Fazer pouco fruto a palavra de Deus no Mundo, pode proceder de um de três princípios: ou da parte do pregador, ou da parte do ouvinte, ou da parte de Deus. Para uma alma se converter por meio de um sermão, há-de haver três concursos: há-de concorrer o pregador com a doutrina, persuadindo; há-de concorrer o ouvinte com o entendimento, percebendo; há-de concorrer Deus com a graça, alumiando. Para um homem se ver a si mesmo, são necessárias três coisas: olhos, espelho e luz. Se tem espelho e é cego, não se pode ver por falta de olhos; se tem espelho e olhos, e é de noite, não se pode ver por falta de luz. Logo, há mister luz, há mister espelho e há mister olhos. Que coisa é a conversão de uma alma, senão entrar um homem dentro em si e ver-se a si mesmo? Para esta vista são necessários olhos, é necessária luz e é necessário espelho. O pregador concorre com o espelho, que é a doutrina; Deus concorre com a luz, que é a graça; o homem concorre com os olhos, que é o conhecimento; Ora suposto que a conversão das almas por meio da pregação depende destes três concursos: de Deus, do pregador e do ouvinte, por qual deles devemos entender que falta? Por parte do ouvinte, ou por parte do pregador, ou por parte de Deus? Primeiramente, por parte de Deus, não falta nem pode faltar. Esta proposição é de fé, definida no Concílio Tridentino, e no nosso Evangelho a temos (...)  

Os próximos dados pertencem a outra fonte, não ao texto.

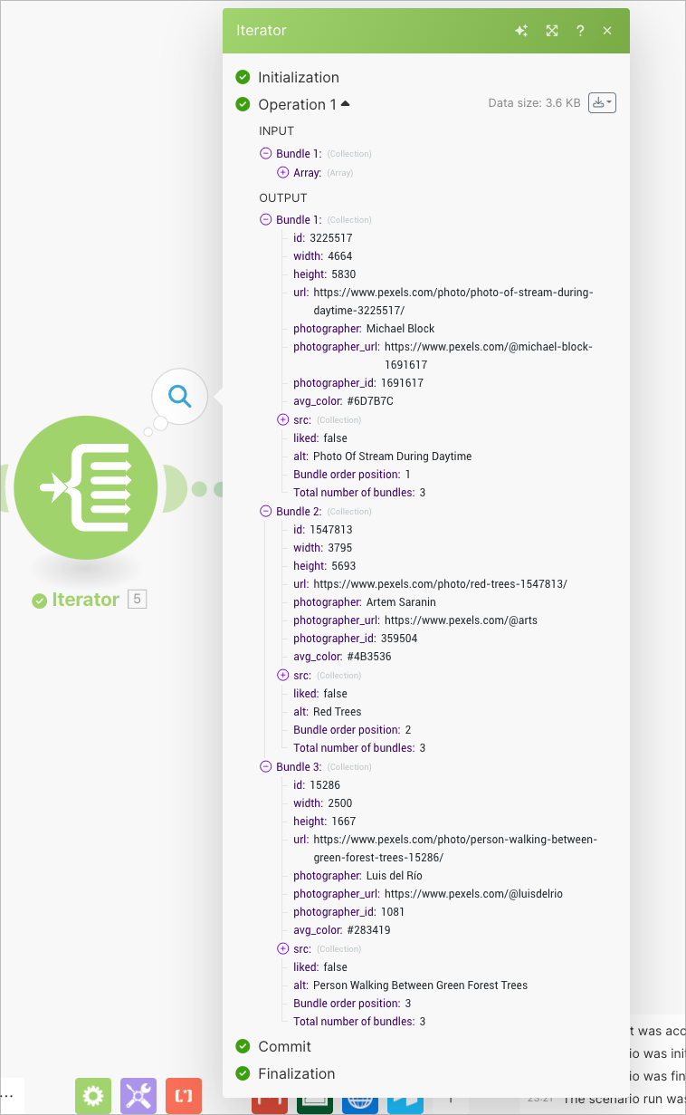 Vous entrez l'array Photos à l'intérieur de l'itérator, celui-ci va produire un bundle par index dans Photos (dans l'exemple il y en a trois).

Observe o leitor como Vieira vai construindo a argumentação: em primeiro lugar afirma que a palavra de Deus faz pouco fruto. Quem poderia o responsável por essa falta de frutos: O pregador, o ouvinte ou Deus. A palavra de Deus é o próprio sermão que deve levar o pecador a conversão que para ocorrer necessitará de três coisas: doutrina (pregador), entendimento (pecador) e finalmente graça (Deus). Para que o homem veja seu pecado, ele necessitará de três coisas: espelho (doutrina, pregador),  olhos (entendimento, pecador), e luz (graça, Deus). Ele exclui prontamente a responsabilidade divina pela falta de fruto e, a fim de corroborar essa proposição, ele usa o argumento de autoridade: a bíblia e o Concílio Tridentino assim o dizem. Mais adiante ele dirá que a culpa é do pregador.

Voltemos a outro Sermão do Padre, o do bom ladrão, um texto bastante atual apesar de ter sido escrito há mais de quatrocentos anos:

É o que disse o outro pirata a Alexandre Magno.Navegava Alexandre em uma poderosa armada pelo Mar Eritreu a conquistar a Índia, e como fosse trazido à sua presença um pirata que por ali andava roubando os pescadores, repreendeu-o muito Alexandre de andar em tão mau ofício; porém, ele, que não era medroso nem lerdo, respondeu assim. — Basta, senhor, que eu, porque roubo em uma barca, sou ladrão, e vós, porque roubais em uma armada, sois Imperador? — Assim é. O roubar pouco é culpa, o roubar muito é grandeza; o roubar com pouco poder faz os piratas, o roubar com muito, os Alexandres. Mas Sêneca, que sabia bem distinguir as qualidades e interpretar as significações, a uns e outros definiu com o mesmo nome: Se o Rei de Macedônia, ou qualquer outro, fizer o que faz o ladrão e o pirata, o ladrão, o pirata e o rei, todos têm o mesmo lugar, e merecem o mesmo nome

Por meio de exemplificações, narrações, citações o leitor é levado a admitir a beleza e a atualidade de um texto como o acima exposto.